Hong Kong se trouve donc vis-à-vis du H5N1 dans une situation paradoxale : le
territoire est le premier à avoir mis fin à la contamination humaine du virus, et pourtant il
reste le site de référence pour la communauté scientifique internationale tant que la maladie
continue à se propager dans le reste du monde. Hong Kong a acquis depuis 1997 une capacité
d’expertise sur la grippe aviaire qui fait de ses laboratoires des lieux d’excellence pour la
recherche internationale sur le virus, et de ses scientifiques des consultants privilégiées par
l’OMS (c’est notamment le cas du Professeur Malik Peiris). En outre, les mesures adoptées
pour lutter contre la propagation du virus des animaux aux hommes à Hong Kong se sont
avérées efficaces, et sont à présent recommandées dans le reste du monde. Enfin, du fait de sa
proximité avec la région du Guangdong où sont apparues ces maladies infectieuses
émergentes, Hong Kong reste sous surveillance internationale, car de nouveaux virus
Influenza pourraient y être découverts. Ainsi, le 18 septembre 2007, une semaine après mon
arrivée sur le territoire, le virus H5N1 causait directement la mort de 10 000 canards par
infection et indirectement de 100 000 volailles par abattage préventif, dans le district de
Panyu à côté de Canton, obligeant à la fermeture des filières d’importation du continent vers
Hong Kong. S’il n’y a plus de victimes humaines depuis 2003, la grippe aviaire continue donc
de susciter des inquiétudes légitimes et un dispositif de recherche et de sécurité important.

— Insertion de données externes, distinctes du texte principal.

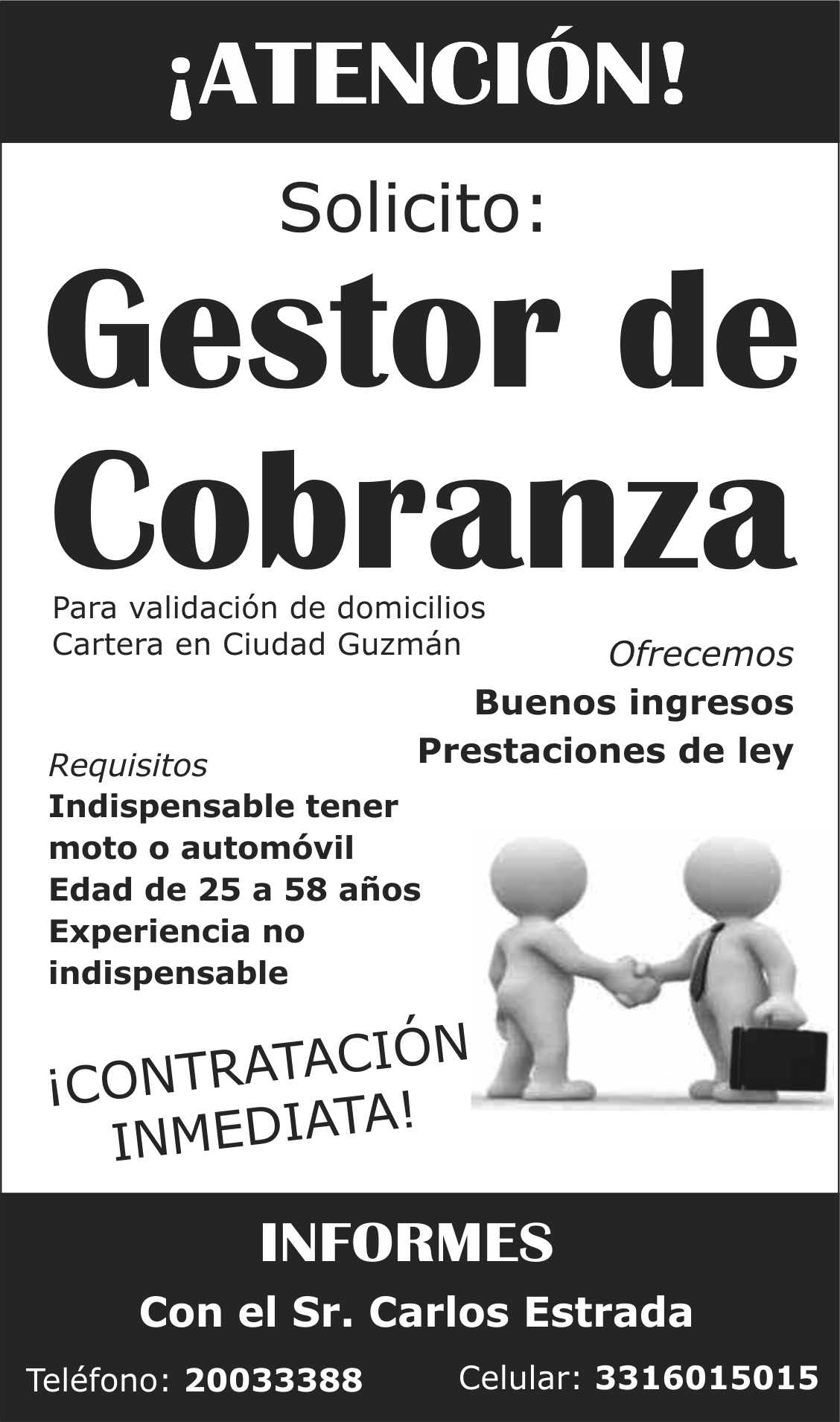 Bolsa de Trabajo Published on febrero 7th, 2016 | by lavozsur 0 Se solicita Gestor de Cobranza Related posts: Se solicitan gestores de crédito Importante empresa solicita chofer con licencia federal Importante empresa solicita agente de ventas en el ramo ferretero About the Author lavozsur Con 35 años de trayectoria, somos el periódico número 1 en información y análisis de la región Sur de Jalisco. Related Posts Reparto de utilidades BIMBO 2016, a partir del 1 de junio → Únete al equipo de asesores de Consol Negocios → Aceros Murillo solicita chofer → Empresa líder solicita vendedor con experiencia en el ramo agroindustrial → Deja un comentarioTu dirección de correo electrónico no será publicada. Los campos obligatorios están marcados con *Comentario * Nombre * Correo electrónico * Web Guardar mi nombre, correo electrónico y sitio web en este navegador para la próxima vez que haga un comentario. Δ

II - Acteurs impliqués dans la gestion du risque de grippe aviaire
1. Les équipes de recherche
La recherche sur l’Influenza Aviaire est surtout concentrée à la Faculté de Médecine
de l’Université de Hong Kong autour de deux lieux majeurs : le département de microbiologie
de l’Université, et le centre conjoint de recherche fondé en 1999 par l’Institut Pasteur et
l’Université de Hong Kong.
Le département de microbiologie, dont une large partie de l’équipement et du bâtiment
ont été financés par le riche entrepreneur Li Ka Shing rassemble notamment une équipe
internationale de jeunes chercheurs autour du professeur Guan Yi, consacrée à l’analyse
génétique de l’écologie des virus. À partir d’échantillons collectés dans toute la Chine, elle
retrace l’évolution des virus Influenza et SRAS dans les différentes espèces animales, afin de
prévoir de nouvelles mutations qui pourraient passer à l’homme par des voies inattendues.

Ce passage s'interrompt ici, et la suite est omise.